Мне это даже нравится: для тех, кто не знаком с моим творчеством, было бы странно узнать, что обе работы сделал один и тот же человек. «Превыше всего» стал для меня очень важным проектом, потому что по картинкам этого не видно, но на самом деле эти крыши видит какое-то потрясающе большое количество людей. Они так расположены, чтобы быть не очень навязчивыми, а с другой стороны, их хорошо видно с земли. Как-то раз на одной крыше нас задержали копы, и пока мы ехали в участок, они спросили, не мы ли написали фразу на другом доме — мы там рисовали два дня назад, то есть прошло совсем немного времени, а люди уже заметили и положительно это оценили. Для меня важно, чтобы мои произведения работали именно на улице, а не в виртуальном пространстве, например. Так тоже бывает, но в основном тогда, когда ты делаешь проект, существующий небольшое количество времени, и большая часть зрителей видит только его документацию.

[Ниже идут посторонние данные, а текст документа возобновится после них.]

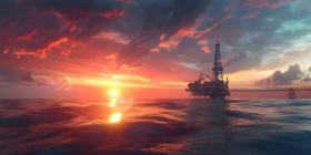 Offshore oil rig drilling platform at sunset Oil and gas platforms north sea background - Ai Generated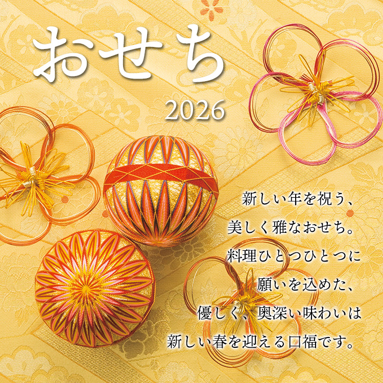 伝統の技と感性が光る、華やかな二段重。 歴史と伝統が培ってきた日本料理 × 彩り豊かなフレンチ料理。 皆様の一年が、 健康と繁栄に満ち溢れますように ーそんな思いを込めた逸品を、どうぞご堪能ください。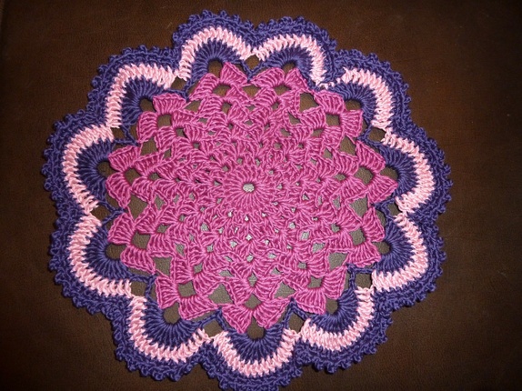 Heklet brikke i bomullsgarnLilla ,cerise og rosafarger .ca 25 cm i diameter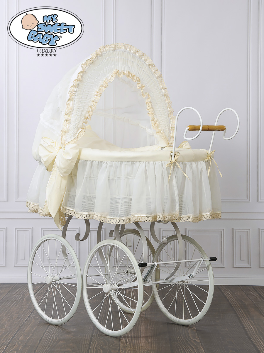 Etusivu » Vauvankori » Vauvankori Vanhanajan Tyyliä » Retrovaunu kehdolla » Retrotyylinen kehto pyörillä Norsunluu Elisa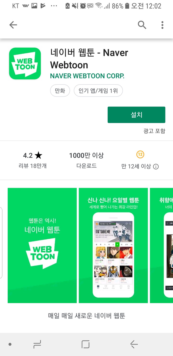 | 네이버웹툰 안드로이드 폰 다운로드 | |
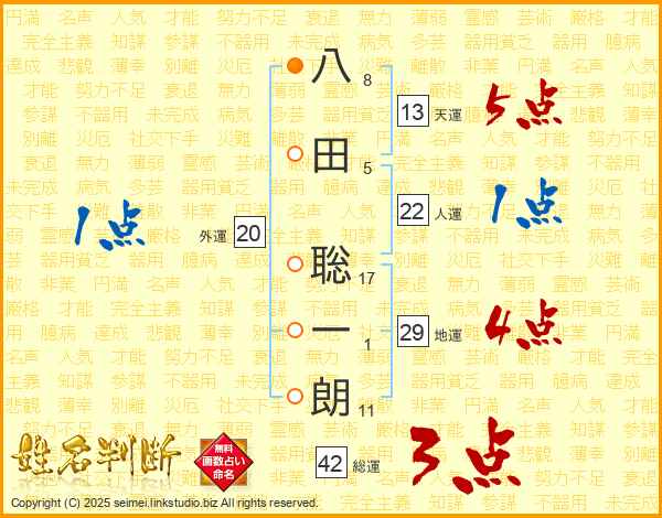 八(8画)田(5画) 聡(17画)一(1画)朗(11画)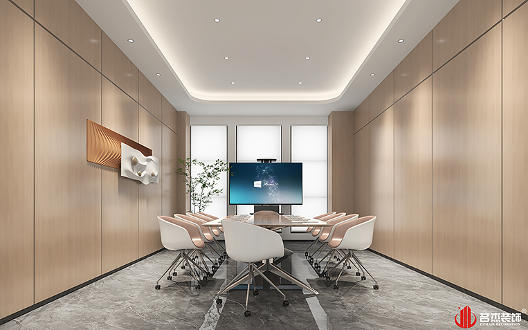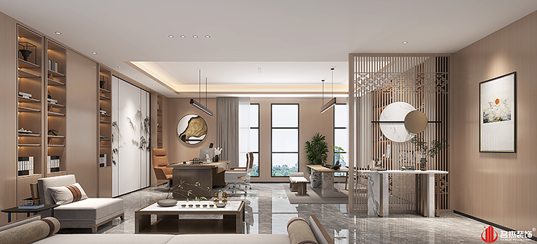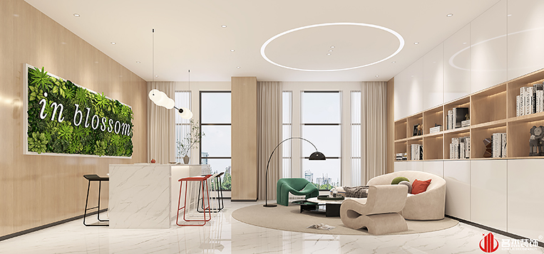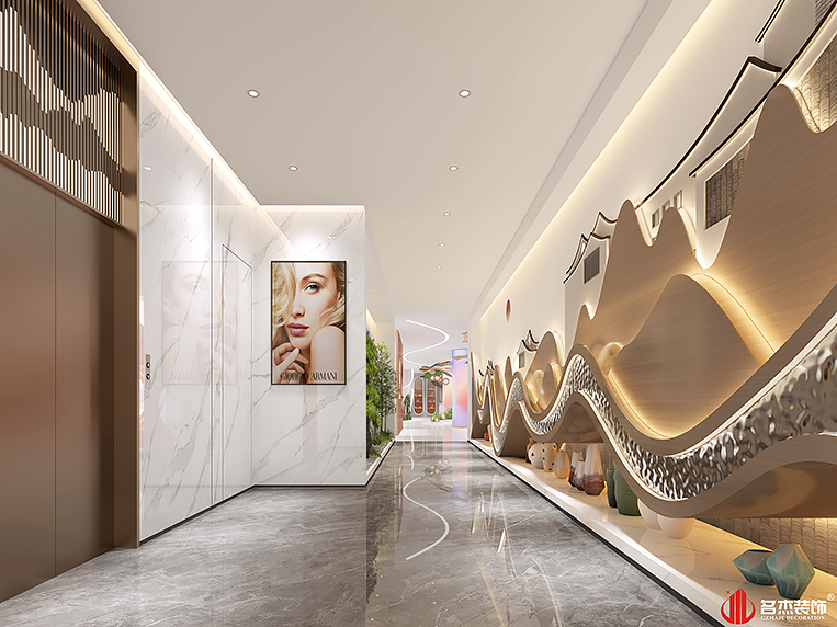 辦公裝修設(shè)計空間的主打風(fēng)格是時尚簡約風(fēng)格,但是設(shè)計團隊從化妝品行業(yè)中汲取設(shè)計靈感,同時加入一些線條的元素,堆疊出一種不同往常的時尚簡約風(fēng)格。前臺區(qū)域則是使用簡單的線條,搭配圓弧的天花吊頂,天圓地方的設(shè)計概念,簡約而不簡單。而在電梯間這個地方,利用水紋不銹鋼的材料,結(jié)合弧線元素,具象化了中國龍這個設(shè)計元素。太陽,中式房屋,中國龍,寓意著江西瑞彩化妝品公司能夠龍騰四海。#廣州辦公室裝修#
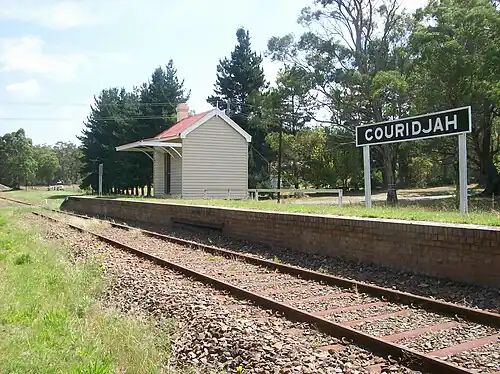 Couridjah railway station is a heritage-listed disused railway station located on the Picton–Mittagong loop railway line in the south-western Sydney settlement of Couridjah in the Wollondilly Shire local government area of New South Wales, Australia. The property was added to the New South Wales State Heritage Register on 2 April 1999.[1]

Большинство твоих работ все-таки связано с политикой. Как ты к ней относишься и как она влияет на работы?

Мне больше всего интересны люди, так что для меня мои работы — это скорее большое исследование, я всегда стараюсь понять обе стороны конфликта. Я слежу за новостями, иногда даже на сайт «Первого канала» захожу, читаю тексты каких-то политологов, интересных журналистов, которые заставляют меня удивляться. Вообще политика, на мой взгляд, — это ложь, в ней все врут. Я недавно подумал, что, вот, был популярен термин «политическая проститутка», но вся политика в России — это проститутка, поэтому первое выражение получается абсурдным. Так что я делаю работы только тогда, когда у меня есть какое-то высказывание и я в нем уверен. Если все врут, то легко промахнуться в оценке событий.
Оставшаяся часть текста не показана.